Gender ECE gap changes by +0.0004. Education ECE gap changes by +0.0008. Both within sampling noise. Neither represents a meaningful directional shift. Gender and education weren't primary drivers of the approval filter, so there was no selection-induced calibration distortion along those axes for IPW to correct — and it didn't introduce new distortions either.

The threshold problem

At a fixed population-level decision threshold, IPW widens the FNR gap on age from 0.4193 to 0.4589. This sounds bad, but the mechanism is specific: IPW pushes predicted probabilities upward for younger, higher-risk applicants (who look most like the rejected population), which at a fixed threshold improves detection of young defaulters (under-30 FNR drops from 0.1741 to 0.1674) while worsening detection of older ones (60+ FNR rises from 0.5934 to 0.6262).

The 60+ group suffers most because their true default rate (5.1%) already sits below the population-level threshold. A small upward shift in their predicted probabilities is insufficient to flip their classification. This is a property of single-threshold decision rules, not a failure of IPW — it requires segment-specific thresholds to resolve.

IPW improves fairness precisely where selection bias was the underlying cause of disparity, and stays out of the way elsewhere. For regulatory reporting, that's the ideal behavior. For threshold-based error rate disparity, probability recalibration alone is not sufficient — segment-specific thresholds or explicit fairness constraints during training are required.

The Same Pattern, Five Times Over

Every phase of this project produced the same finding from a different angle. Selection bias in credit risk modeling is a calibration problem, not a discrimination problem.

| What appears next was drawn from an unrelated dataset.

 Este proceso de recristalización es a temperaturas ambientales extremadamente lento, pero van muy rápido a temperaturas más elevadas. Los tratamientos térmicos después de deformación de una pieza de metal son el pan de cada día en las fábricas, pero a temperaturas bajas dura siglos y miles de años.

Its effects concentrate exactly where the training data was thinnest — and the correction methods that work best are the ones that respect that structure rather than trying to fill in the gaps with assumptions.

ECE tripled to nearly fivefold from approved to rejected populations. AUC barely moved. The model can rank; it can't price.

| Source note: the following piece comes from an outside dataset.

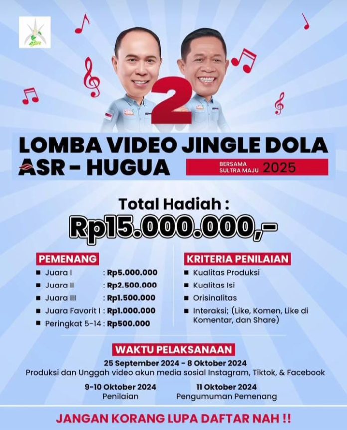 Kendari, Jaringansultra.com – Pasangan calon (Paslon) Gubernur dan Wakil Gubernur Sultra Andi Sumangerukka (ASR) dan Hugua bakal mengadakan lomba video jingle dola, Jumat 27 September 2024.
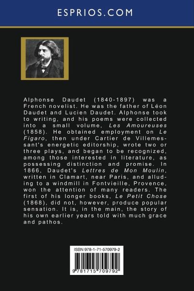 Alphonse Daudet (1840-1897) was a French novelist. He was the father of Léon Daudet and Lucien Daudet. Alphonse took to writing, and his poems were collected into a small volume, Les Amoureuses (1858). He obtained employment on Le Figaro, then under Cartier de Villemessant's energetic editorship, wrote two or three plays, and began to be recognized, among those interested in literature, as possessing distinction and promise. In 1866, Daudet's Lettres de Mon Moulin, written in Clamart, near Paris, and alluding to a windmill in Fontvieille, Provence, won the attention of many readers. The first of his longer books, Le Petit Chose (1868), did not, however, produce popular sensation. It is, in the main, the story of his own earlier years told with much grace and pathos.

EM achieved ECE of 0.0027 — better than the baseline — by recovering the true population default rate (13.31% vs. 13.32% actual). No method improved AUC meaningfully.

IPW corrects early-period hazard underestimation. DeepHitSingle improves C-index by 0.0408 over Cox baseline. The 5-month temporal gap between approved and rejected defaulters is measurable and partially recoverable.

LR's underfitting is self-correcting under population shift. XGBoost's 0.0165 overfitting gap is well-controlled. Model simplicity is a fairness property, not just a design constraint.

IPW cut age ECE disparity by 45%. Gender and education were unchanged. Correction methods fix the disparities they're designed to fix — and no others.

The practical implication is this: a bank that backtests on historical approved loans will see good calibration and feel confident. The moment it expands its approval policy — taking on applicants who look like historically rejected ones — realized default rates will exceed predictions. Not uniformly. Most severely for the subgroups that were rejected most aggressively. Not because the model can't rank them, but because its probabilities were always conditional on approval, not on borrowing. That distinction becomes visible exactly at the boundary where new lending happens.

The fix isn't a better algorithm. It's knowing what the training data actually represents — and building that understanding into every step from feature engineering to model deployment to regulatory reporting.